And a big part of that is common sense reasoning, and that's the state of the art today. So it's the ability to somehow – so we're very good at building computers that are going to be ‘one-track mind’ types of computers if you want. They're going to be very good at solving these very specialized tasks, and as long as you keep on giving them problems of the same type, they're going to continue to do extremely well, and actually better than human beings.
But as soon as you're falling out of that sort of well-defined space, and you're opening up the set of context and a set of problems that you're going to be presenting to computers, then you find that it's a lot more challenging to build a program that's always capable of falling back on its feet. That's really what we're dealing with today.
Well, you know people do transfered learning very well, we take the stuff that we...
With occasional mistakes too, we are not perfect.
No, but if I told you to picture two fish: one is swimming in the ocean, and one is the same fish in formaldehyde in a laboratory. It's safe to say you don't sit around thinking about that all day. And then I say, “Are they at the same temperature?” You would probably say no. “Do they smell the same?” No. “Are they the same weight?” Yeah. And you can you can answer all these questions because you have this model I guess, of how the world works.
That's right.
And why are we not able yet to instantiate that into a machine do you think, Is it that we don't know how, or we don't have the computers, or we don't have the data or we don't know how to build an unsupervised learner, or what?
So there are multiple answers to this question.
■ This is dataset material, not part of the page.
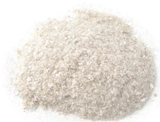
Ceramics - Glazes/Frits (SiO 2 ), D 50 = 100µm

There are people who are of the view that it's just an engineering problem, and that if in fact, you were to use the tools that we have available today, and you just use them to populate these massive knowledge bases with all the facts that are out there, you might be able to produce some of the intelligence that we are missing today in computers. There's been an effort like that called Cyc.
I don't know if you are familiar with Doug Lenat, and he's been doing this for, I don't know, how many years at this point. I'm thinking something like close to 30 plus years, and he's built a massive knowledge base and actually with some impressive results. And at the same time, I would argue that it's probably not enough. It's more than just having all the facts, it's also the ability to adapt and the ability to discover things that were not necessarily pre-programmed.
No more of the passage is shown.